Federal police strike protester with baton, use pepper spray and tear gas outside courthouse in Portland pic.twitter.com/VX2xTVaaYq— Zane Sparling (@PDXzane) July 19, 2020
PORTLAND PROTESTER, NAVY VETERAN, DESCRIBES
BEATING BY FEDERAL OFFICERS
By Zane Sparling, Portland Tribune
Christopher David is not a man of steel.
But he has earned that and other nicknames — some call him “Captain Portland” or “Supersoldier” — after David stood as solidly as a rock while federal officers pepper-sprayed him twice and struck him at least five times with a baton during a rally outside the Hatfield Courthouse on Saturday, July 18.
Of the attack, captured on video by the Portland Tribune, David says he “just took it.”
“I knew I was never going to react. I was never going to fight back,” he said. “I’m a little too old to be beaten by a bunch of young guys.”
David, 53, of Portland, is hardly an anti-establishment type. He says he attended the U.S. Naval Academy in Annapolis, Maryland, after high school, later serving with the Navy Seabees while becoming a commissioned officer and aeronautical engineer.
The unmatched series of protests here have waxed and waned for more than 50 nights, but Saturday’s rally was David’s first, his attendance spurred by reports of unmarked vans snatching protesters off the streets without due process.
He arrived around 8 p.m. and was just planning on leaving when federal officers burst out of the bricked-up front of the courthouse around 10:45 p.m.
David said he slowly approached the officers, hoping to engage them in dialogue.

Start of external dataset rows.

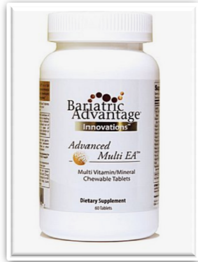
Bariatric Advantage Advanced Multi EA Chewable Multivitamin -- Citrus Flavor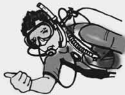
Go that way.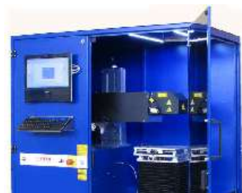
Visualisation e.g. for industrial production machines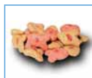
MEAT - FISH & ANIMAL FOODS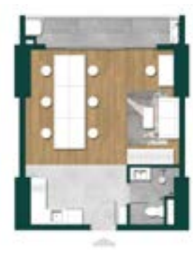
49,81 - 49,82sqm

“I felt these gentlemen were violating their oath of office, and I wanted to talk to them,” he explained.
Things didn’t go according to plan.
As some federal officers rushed to push down makeshift barricades propped against the outer doors of the courthouse, one officer pushed David back. He stood stock-still as several more officers swarmed forward, striking him with a baton and pepper-spraying him. David says he lost his vision momentarily, due to the spray and clouds of tear gas engulfing the park.
He sat down on a park bench, before being pulled back from the flashpoint by a street medic, going by the name Tav, who treated David and ensured that he was taken by an ambulance to the hospital.
David says he has two fractures in his hand and, while it’s currently in a splint, he is expecting to need surgery later this week.
After a flurry of attention, David is hoping life will return to normal soon. While he never did speak with the camouflaged feds, he said he hopes they hear his message: “That oath of office is essentially swearing loyalty to the Constitution of the United States, and what they’re doing is not constitutional anymore.”